Читать книгу «Корона Рико-Сантарио» онлайн полностью📖 — Леи Риелсвон — MyBook.

Глава 4.

Вайолет измеряла шагами свою комнату, пытаясь унять мысли в голове, но ничто не могло расставить их по полкам: ни путешествия от окна к двери, ни обкусанные в кровь ногти и губы. Оно и было понятно – переосмыслять поступки человека и находить в них причину последующего поведения, которое раньше она считала бессмысленным, дается очень тяжело.

Удивительно, как порой самые близкие люди бывают слепы друг к другу, и видят лишь последствия, напрочь забывая о причинах. Даже без рассказа отца Вайолет знала, что ее родителям пришлось тяжело. Мама, выращенная, словно оранжерейный цветок, никогда не знавшая нужды в чем-либо, вдруг столкнулась с реальным миром, где она не нужна никому.

Внезапно, захотелось увидеть маму до всех событий. Мгновенье – и в плеяде запароленных папок находится одна – та самая, заветная папка с фотографиями из прошлого – жизни, которой не было у Вайолет, и которую у остальных членов ее семьи отобрали.

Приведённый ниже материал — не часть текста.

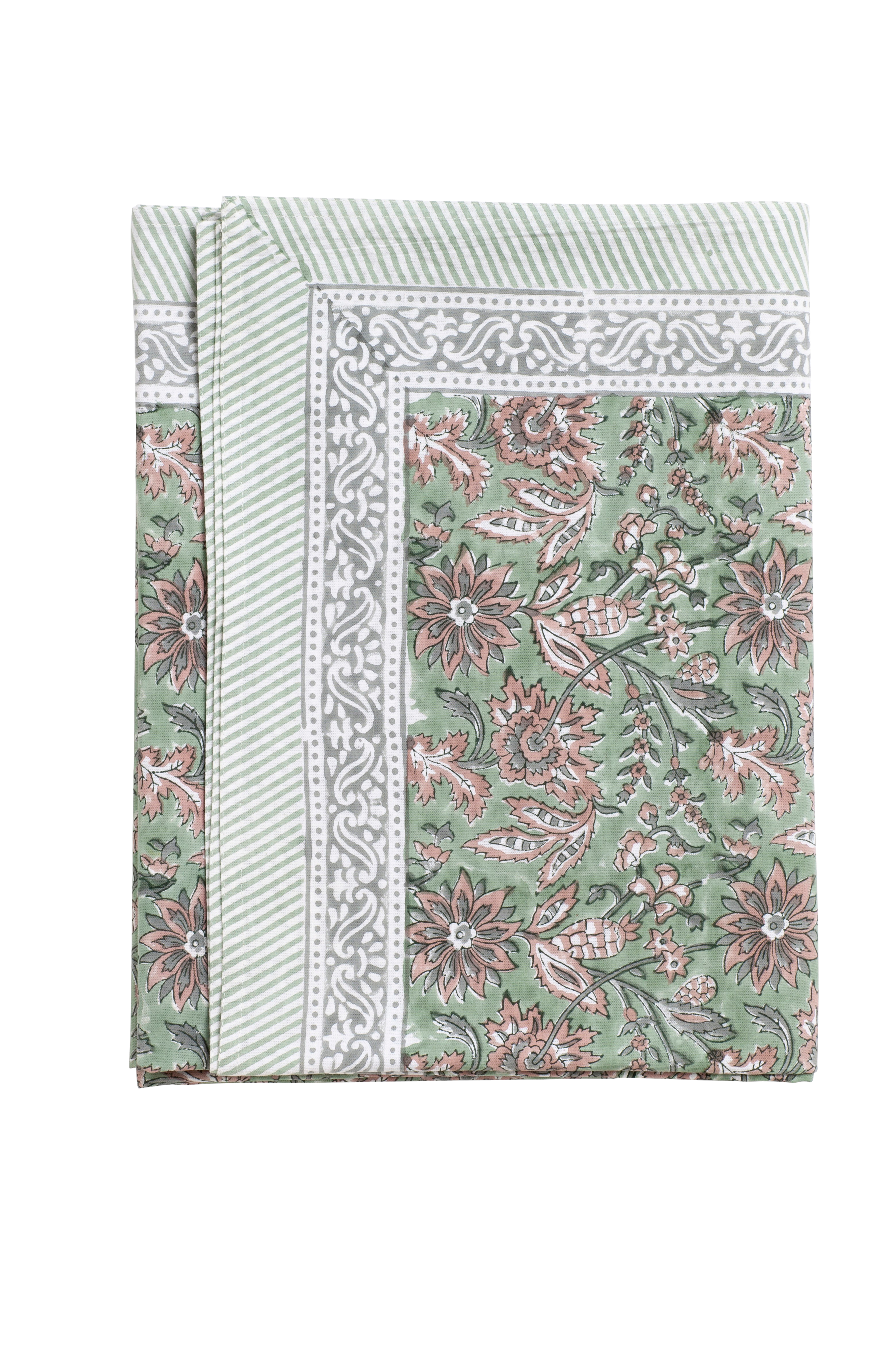 Färgrik bomullsduk från varumärket Chamois med vackert blommigt mönster. Mönstret är tryckt för hand i traditionell indisk blockprintteknik. Ett unikt hantverk som ger duken ett levande och dekorativt uttryck.

Три картинки. На первой – ярко улыбающийся дедушка на прогулке в парке через месяц после своей коронации. Тут ему тридцать три года. На второй – бабушка на той же прогулке, такая же утонченная и грациозная, как сейчас, сидит на набережной. Ей тридцать. И, наконец, третья – королевская семья Фаулер за неделю до свадьбы наследницы престола. Мама в атласном платье с чуть приспущенными плечами, копна светлых волос нарочно небрежно собрана в прическу, а на голове – диадема, та самая. К сожалению, это не было полноценной фотографией – просто оцифрованная вырезка из газеты. До страшных событий июльской ночи остается чуть больше года.

Вайолет увеличила фотографию, чтобы получше рассмотреть ее лицо. На фото она недовольна, но это, пожалуй, могут рассмотреть только те, кто знает ее очень близко. Причина этого явно кроется в украшении из белого золота с лимонными камнями на ее голове. Это и был тот день, когда бабушка заставила ее надеть диадему. Улыбнувшись и слегка прикрыв глаза, она ощутила, что по телу будто разлилась волна нежности.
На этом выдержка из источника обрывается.